Was there a summer of 64? Last Tuesday, during the city’s theatre festival, during my public conversation with the great Laure Adler in the centre of the Saint Louis cloister garden, I realised, with natural and enormous astonishment, that I was in none other than that Jesuit precinct – central to my life – that I had been searching for so long.

So many turns to end up arriving at the very center of the garden of the past. A circle is closing, said Sophie Calle when I told her what I had rediscovered in time and space. We were both in another circle at that moment, the one that had formed around Angélica Liddell, who had just given a statement at the police station for a complaint of “public insults” after her intense, harsh, imposing performance, in front of the Palace of the Popes, of the play Damon. Bergman’s funeral (in Barcelona, ​​in the Lliure, from the 19th to the 21st of this month).
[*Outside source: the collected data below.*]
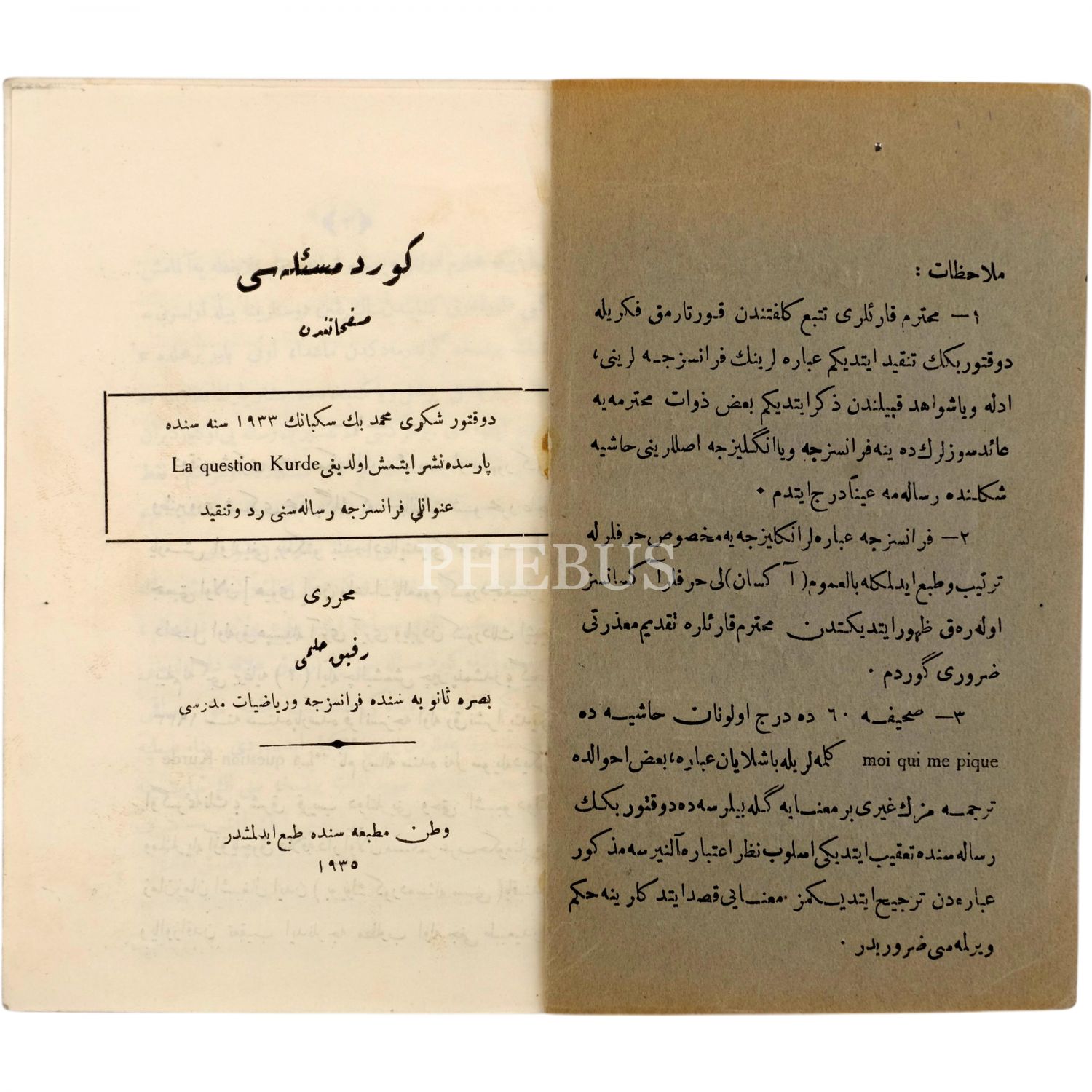 2. KÜRT MESELESİ, Refik Hilmi, 1935, Vatan Matbaası, 102 sayfa, 13x19 cm...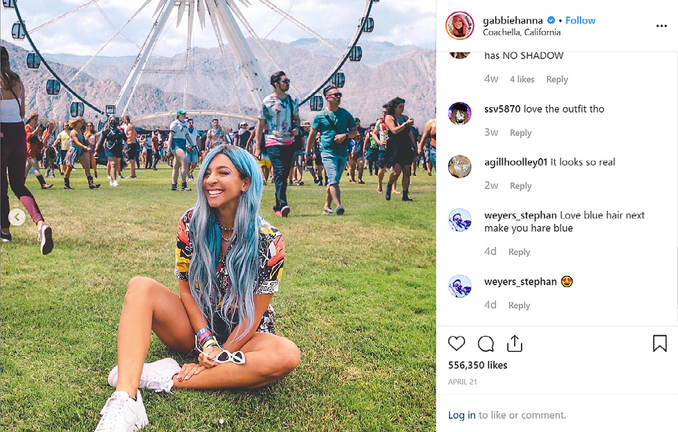 This social media star, Gabbie Hanna posted for days that she was at Coachella, I remember seeing this photo on my own social media feed seeing how cool it was that she was at Coachella, A few days later I saw she made a blog showing that she faked the whole thing and never went to Coachella which was hard to believe. She showed the before and after images of her friend who edited the photos. You can see them for yourself on her Instagram @gabbiehanna or the one who does the digital manipulating @kellansworld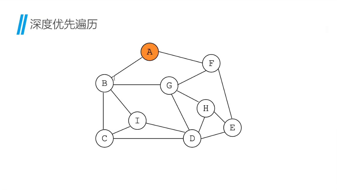 想象你是个侦探,要走访所有嫌疑人(节点)。你从 A 家出发,进门就问:“你认识谁还没被问过?”A 说 “我认识 B 和 F”,你二话不说先冲去 B 家(不纠结选谁,先选一个走到底)。到了 B 家,B 说 “我认识 C、G、I”,你又扎进 C 家…… 就这么 “一条路走到头”,直到某个节点的所有朋友都被问过了,再回头找下一个没走访的分支。

And I thought I saw that the current Sophie Calle, admirer of Liddell’s “new dramatic writing” – so visible in Voodoo (The Broken Nail, 2024)–, fits more and more into the conception bergmaniana of Art, which is what it demands of this free, shameless and irresponsible being. It fits, yes, if only because it is astonishing to see Sophie laughing for days on end at everything that happens, at everything she passes, hears, or sees, just as it is astonishing that she plans to bring together in an exhibition the 42 artistic projects that she started, but never finished.

I remember that for María Negroni, wonder “connects us with happy discoveries, the only ones that count.” And I also remember that I always said that many of my trips begin when I return, when I start reading about the place where I have been and discover that I have not seen anything. In the case of these whole days in Avignon, I have not seen much, but there have been “happy discoveries,” all those wonders before the strength of Liddell, or before the fast new world of Sophie Calle, artists whom I went to see in Avignon and I saw them, but who have left me astonished by how much of them I still have to see.